Вот интересно, а я-то тут при чем? Ведь это не я его спихнула с балкона и не я уговорила его туда залезть… Но, разумеется, не стоит пострадавшему человеку напоминать о его ошибках, тем более если он – мужчина. Эти никогда в своих ошибках не признаются и очень любят их перекладывать на других. Чтобы отвлечь дядю Васю от грустных мыслей, я стала разбирать сумку.
– Вот смотрите, все как вы велели, – я выложила в тумбочку вещи, поменяла наволочку и повесила на спинку кровати полотенчико в веселеньких разноцветных мячиках.
– Это все? – спросил дядя Вася, исследуя принесенное. – А брюки не принесла?
– Какие брюки? – оторопела я.
– От костюма тренировочного китайского! Тут такое выдали – в коридор выйти срамно! И бритву!
– Так вы же их в списке не указали… – растерялась я.
– А самой не догадаться? – огрызнулся дядя Вася. – Щетиной оброс, буду вон скоро как Егор Иваныч, – он кивнул на соседнюю кровать.
Старик, лежавший там, повернул голову, и я увидела, какой он бородатый. Борода была окладистая, как говорят – лопатой, и совершенно белая. Волосы тоже были пышные и совершенно седые.
– Ну, до Егора Ивановича вам еще расти и расти, – поддразнила я дядю Васю.
– И то верно, – басом сказал старик, – ты, Василий, скажи дочке спасибо, что пришла.
И вздохнул тяжело. Дядя Вася устыдился и перестал ворчать. Неловкое молчание нарушил тип в халате на голое тело.

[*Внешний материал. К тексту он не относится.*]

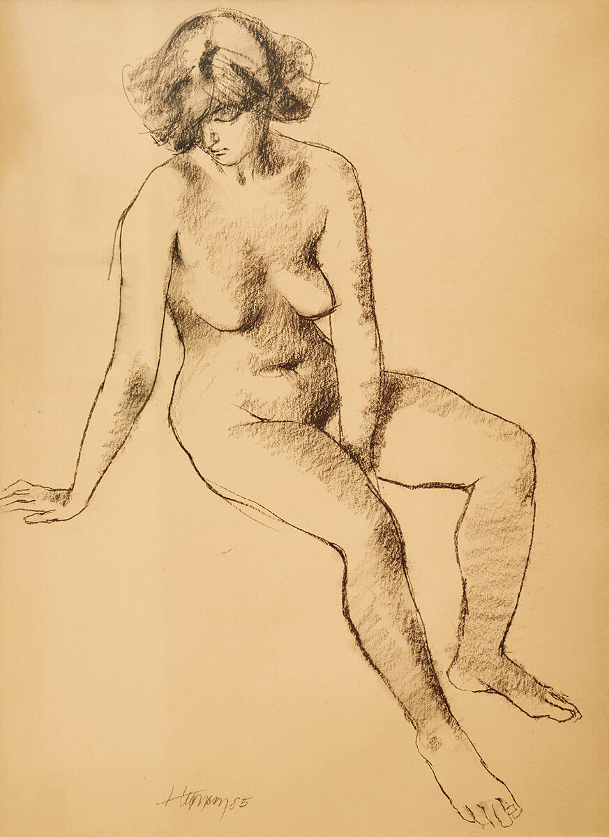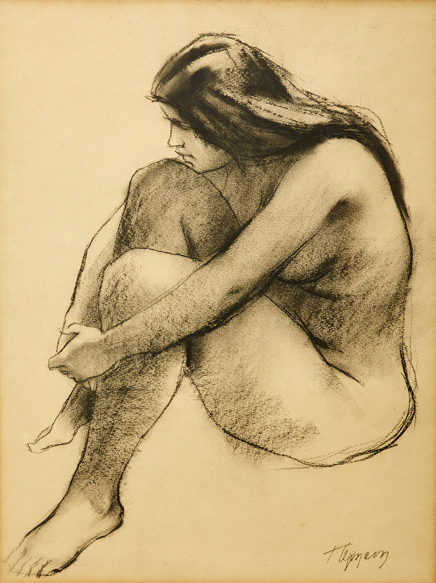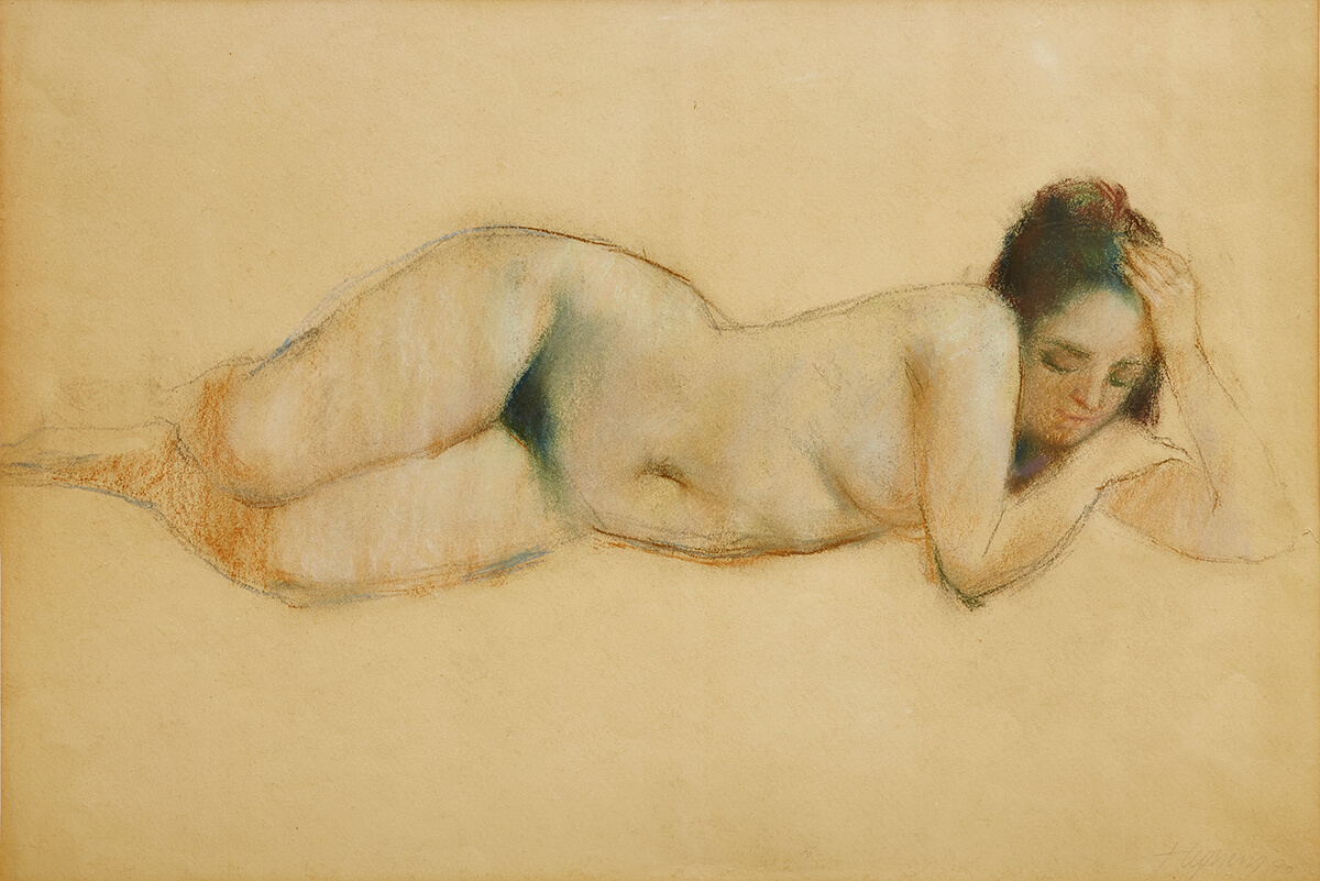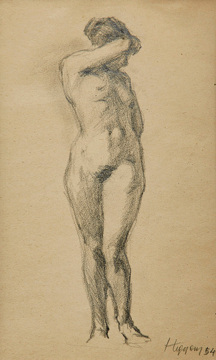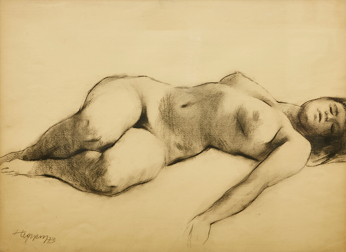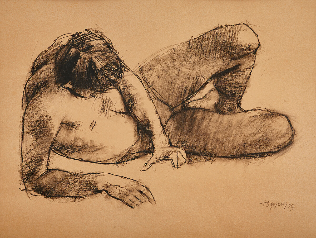 Akty sú kombináciou sebaistých gestických ťahov a ľahko nahodených škvŕn za ktorou je skrytý neviditeľne prítomný pevný základ anatomickej konštrukcie, perspektívy a kompozície. Dômyselná kompozičná výstavba umožňuje dosiahnuť širokú škálu výrazu s úsporne využívanými vyjadrovacími prostriedkami. Autor majstrovsky strieda plastické modelovanie svetlom a siluety škvŕn v graficky usporiadanom celku vodiacom zrak diváka po gracióznych tvaroch ženského tela. Postavy sú zaobalené do vlastných obrysov a podobne ako portréty, sú obklopené atmosférou intimity a bezpečia.

– Ай-ай-ай! – взвизгнул он и коршуном набросился на яркое полотенчико, потряс его, восхищенно рассматривая, и, прежде чем я успела выхватить, повязал себе на голову.
– Ну, ты у меня получишь! – рассердилась я.
– Ой, да не трогай ты его, он больной! – Дядя Вася здоровой рукой ухватил меня за локоть.
– Вы все тут больные, – отмахнулась я, – а этот псих, что ли?
– Псих не псих, а малость с придурью, – ответил за дядю Васю старик, – видно, от природы такой был, да еще болтается все время по улице и тащит по простоте своей что плохо лежит. А народ у вас в городе злобный, за копейку готовы человека убить. Вот ему и стукнули по башке бутылкой. А она у него и так слабое место…
– Что, и родных у него никого? – сочувственно спросила я.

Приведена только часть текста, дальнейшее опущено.